Every single details that you need to know about ChatGPT
This article explain the fundamentals of ChatGPT and generative AI in a step-by-step fashion to assist with workings or leverage ChatGPT to its fullest potential.
How to read this guide?
Table of Contents
This guide has been developed with the purpose of providing knowledge to everyone interested in learning more about ChatGPT. If you are reading this guide, it is likely that you are either someone:
- Who is not familiar with Machine Learning (ML), yet has heard about ChatGPT and would like to comprehend how it works
- Who has some knowledge of ML, but isnʼt well versed with deep learning (or generative models) and would like to work with a roadmap to start learning about architecture details.
- Who is enthusiastic about the concept of ChatGPT and wishes to utilize it in their business applications or personal life, but is not eager to discover the specifics of its construction
If you fall into the first group, it is highly advised that you first become familiar with the fundamentals of Machine Learning, in which case the resources in this guide might not be adequate. If you are in the second or third group, look at the illustration above to position yourself and identify where you fit in and make a decision on which chapter to start from.

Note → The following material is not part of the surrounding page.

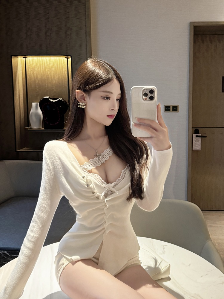 | Color | Blue knitted sweater, White knitted sweater, White lace lingerie |

The chapters in this resource provide a brief overview of the topics, followed by a comprehensive list of courses, videos, articles, and blogs. For those who are short on time and only want a general understanding, it is suggested to read the articles and blogs. However, for a more in-depth knowledge, one of the courses from the list, suited to your learning style, should be taken before moving on to the next chapter. All of the listed resources are available for free.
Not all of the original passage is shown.